3 – Genes without evidence
While there are genes with a very high number of variants, the study by Lindy and collaborators also identified a large number of genes without any pathogenic or likely pathogenic variant. These genes include ATP6AP2CACNB4, CHRNA2, CSTB, CTSD, DNAJC5, EFHC1, FOLR1, GATM, GOSR2, LIAS, MAGI2, NRXN1, PRICKLE1, SLC25A22, and SRPX2. In my commentary, I provided two explanations for this observation. In fact, some of these genes may be extremely rare and may be tested in patients with a clinical diagnosis through other means. This applies to the established genes for Progressive Myoclonus Epilepsies including CSTB and GOSR2. It is also important to mention that the NGS methodology used in this study does not detect the most common pathogenic variant in CSTB, a dodecamer repeat expansion. On the other hand, some of the genes without identified pathogenic/likely pathogenic may not be disease genes at all. These genes were once thought to be good candidates, but further evidence for pathogenicity has not emerged. This applies to genes such as EFHC1, MAGI2, or SRPX2. These genes will probably be removed from diagnostic panels in the near future given the lack of evidence for a disease association. Basically, these genes are not disease genes and holding on to them in an indefinite candidate status despite lack of confirmatory evidence will eventually create more harm than good.

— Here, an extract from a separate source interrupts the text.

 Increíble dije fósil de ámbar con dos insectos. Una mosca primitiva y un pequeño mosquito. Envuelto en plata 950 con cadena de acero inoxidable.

What you need to know. With the current study by Lindy and collaborators, the epilepsy field has taken a leap forward. Testing 70 genes in more than 8,500 patients with epilepsy provided clear evidence for common epilepsy genes versus unconfirmed candidates and indicated that up to 15% of patients can receive a genetic diagnosis based on testing of a limited number of genes. There are other aspects of this study that I did not include in this post and may discuss in the future, namely the role of deletion/duplication testing for each gene, recurrent variants, and the rate of inherited versus de novo variants.

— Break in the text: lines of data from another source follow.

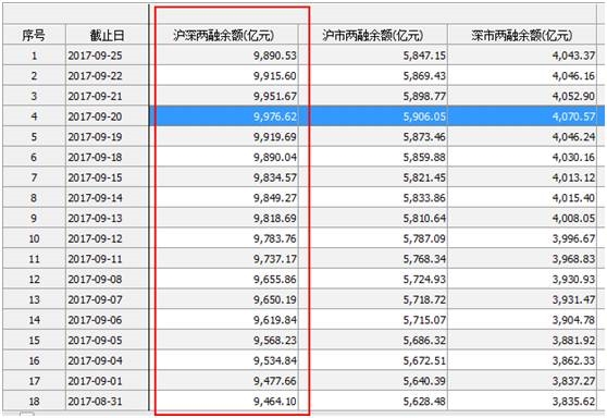 代表活跃资金的融资融券,在前期一度接近万亿元大关之后,近期连续几天回落。9月25日,两融余额跌破9900亿元,连续3天下滑。前期,市场两融余额经历一段时间的稳步上扬,9月20日达到9976.62亿元,创出20个月以来新高。
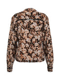 Blouse à manches longues de type ballon. Encolure ronde puis en «V». Plus longue devant que derrière. Coupe droite. Bas arrondi. Tissu en voilage plissé avec insertion de broderie noire aux bouts des manches, au contour de la boutonnière et au dos. Imprimé floral ou animal abstrait.
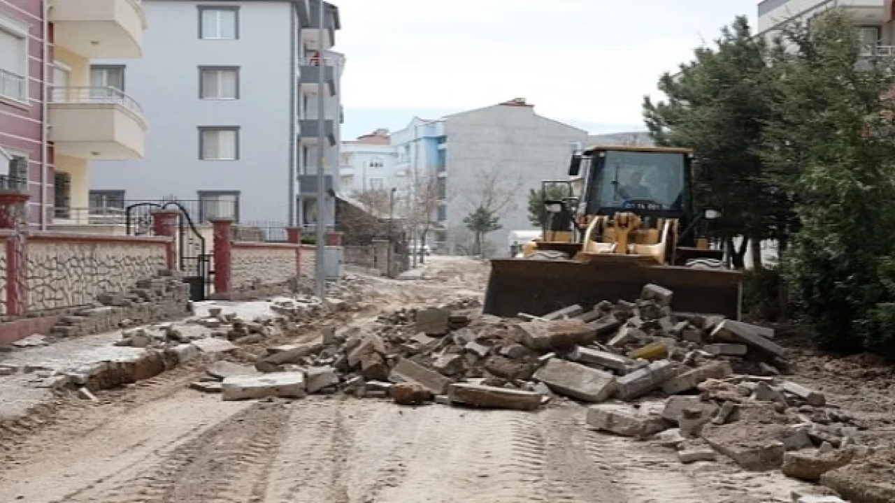 Sabah saatlerinde iş makineleri tarafından sökümüne başlanılan sokaktaki yollar ve yaya kaldırımları kısa süre içerisinde yenilenecek.

Caveats. One important issue to mention is that some genes that are presumably not all that rare were not included in the study by Lindy and collaborators. For example, CHD2 and DEPDC5 were not among the 70 genes analyzed in their study.  A further limitation of the publication by Lindy and collaborators is the lack of detailed phenotypic data. However, the size of their study alone provided important insights into the genetic architecture of human epilepsy.

Ingo Helbig is a child neurologist and epilepsy genetics researcher working at the Children’s Hospital of Philadelphia (CHOP), USA.